Hive是一個數據倉庫基礎的應用工具,在Hadoop中用來處理結構化數據,它架構在Hadoop之上,通過SQL來對數據進行操作。
Hive 查詢操作過程嚴格遵守Hadoop MapReduce 的作業執行模型,Hive 將用戶的Hive SQL 語句通過解釋器轉換為MapReduce 作業提交到Hadoop 集群上,Hadoop 監控作業執行過程,然后返回作業執行結果給用戶。Hive 並非為聯機事務處理而設計,Hive 並不提供實時的查詢和基於行級的數據更新操作。Hive 的最佳使用場合是大數據集的批處理作業。
下面總結一下Hive操作常用的一些SQL語法:
"[ ]"括起來的代表我們可以寫也可以不寫的語句。
創建數據庫
CREATE DARABASE name;
- 顯示查看操作命令
show tables; --顯示表 show databases; --顯示數據庫 show partitions table_name; --顯示表名為table_name的表的所有分區 show functions ; --顯示所有函數 describe extended table_name col_name; --查看表中字段 |
DDL(Data Defination Language)
數據庫定義語言
- 創建表結構
CREATE [EXTERNAL] TABLE [IF NOT EXISTS] table_name [(col_name data_type [COMMENT col_comment], ...)] [COMMENT table_comment] [PARTITIONED BY (col_name data_type [COMMENT col_comment], ...)] [CLUSTERED BY (col_name, col_name, ...) [SORTED BY (col_name [ASC|DESC], ...)] INTO num_buckets BUCKETS] [ROW FORMAT row_format] [STORED AS file_format] [LOCATION hdfs_path] |
- CREATE TABLE 創建一個指定名字的表。

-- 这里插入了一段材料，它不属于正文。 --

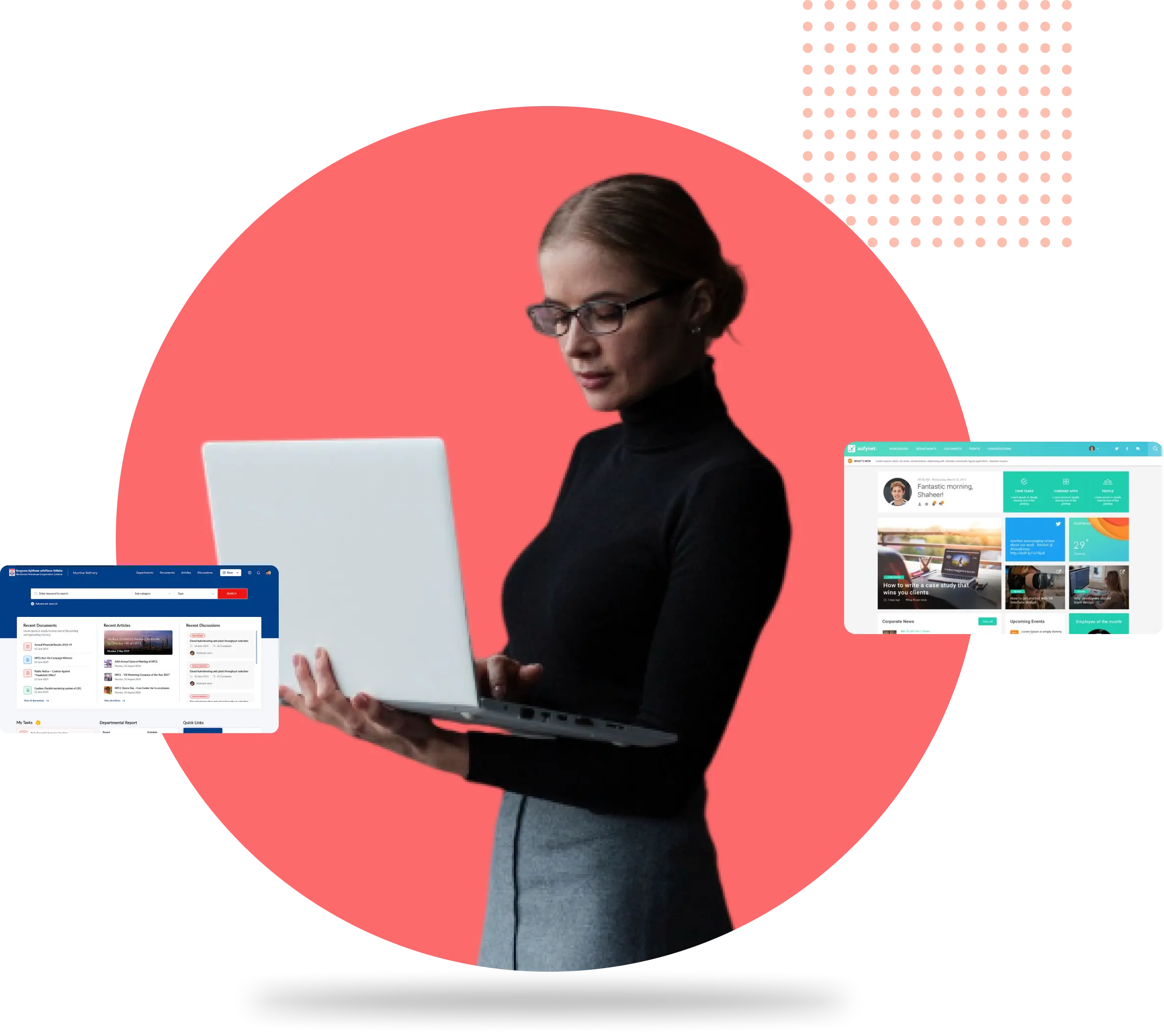 We custom-build SharePoint web portals tailored to your company to amalgamate all your critical business applications which include CRM, ERP, and other third-party tools, into one single digital environment. The single access point improves visibility into the data and thereby the cross-functional collaboration by amalgamating pieces of business-critical information. Your organization can effectively manage user access, including granting single sign-on (SSO) and permissions based on roles, and ensure that the end-user experience is secured and smooth.

如果相同名字的表已經存在,則拋出異常;用戶可以用 IF NOT EXIST 選項來忽略這個異常
- EXTERNAL 關鍵字可以讓用戶創建一個外部表,在建表的同時指定一個指向實際數據的路徑(LOCATION)
- LIKE 允許用戶復制現有的表結構,但是不復制數據
- COMMENT可以為表與字段增加描述
- ROW FORMAT 設置行數據分割格式
DELIMITED [FIELDS TERMINATED BY char] [COLLECTION ITEMS TERMINATED BY char] [MAP KEYS TERMINATED BY char] [LINES TERMINATED BY char] | SERDE serde_name [WITH SERDEPROPERTIES (property_name=property_value, property_name=property_value, ...)] |
- STORED AS
SEQUENCEFILE | TEXTFILE | RCFILE | INPUTFORMAT input_format_classname OUTPUTFORMAT output_format_classname |
如果文件數據是純文本,可以使用 STORED AS TEXTFILE。
如果數據需要壓縮,使用 STORED AS SEQUENCE 。
創建簡單表:
CREATE TABLE person(name STRING,age INT); |
創建外部表:
CREATE EXTERNAL TABLE page_view(viewTime INT, userid BIGINT, page_url STRING, referrer_url STRING, ip STRING COMMENT 'IP Address of the User', country STRING COMMENT 'country of origination') COMMENT '這里寫表的描述信息' ROW FORMAT DELIMITED FIELDS TERMINATED BY '\054' STORED AS TEXTFILE LOCATION '<hdfs_location>'; |
創建分區表:
CREATE TABLE par_table(viewTime INT, userid BIGINT, page_url STRING, referrer_url STRING, ip STRING COMMENT 'IP Address of the User') COMMENT 'This is the page view table' PARTITIONED BY(date STRING, pos STRING) ROW FORMAT DELIMITED '\t' FIELDS TERMINATED BY '\n' STORED AS SEQUENCEFILE; |
創建分桶表:
CREATE TABLE par_table(viewTime INT, userid BIGINT, page_url STRING, referrer_url STRING, ip STRING COMMENT 'IP Address of the User') COMMENT 'This is the page view table' PARTITIONED BY(date STRING, pos STRING) CLUSTERED BY(userid) SORTED BY(viewTime) INTO 32 BUCKETS ROW FORMAT DELIMITED '\t' FIELDS TERMINATED BY '\n' STORED AS SEQUENCEFILE; |
創建帶索引字段的表:
CREATE TABLE invites (foo INT, bar STRING) PARTITIONED BY (dindex STRING); |
復制一個空表:
CREATE TABLE empty_key_value_store LIKE key_value_store; |
顯示所有表:
SHOW TABLES; |
按正則表達式顯示表:
SHOW TABLES '.*s'; |
表中添加一個字段:
ALTER TABLE pokes ADD COLUMNS (new_col INT); |
添加一個字段並為其添加注釋:
ALTER TABLE invites ADD COLUMNS (new_col2 INT COMMENT 'a comment'); |
刪除列:
ALTER TABLE test REPLACE COLUMNS(id BIGINT, name STRING); |
更改表名:
ALTER TABLE events RENAME TO new_events; |
增加、刪除分區
--增加: ALTER TABLE table_name ADD [IF NOT EXISTS] partition_spec [ LOCATION 'location1' ] partition_spec [ LOCATION 'location2' ] ... partition_spec: : PARTITION (partition_col = partition_col_value, partition_col = partiton_col_value, ...)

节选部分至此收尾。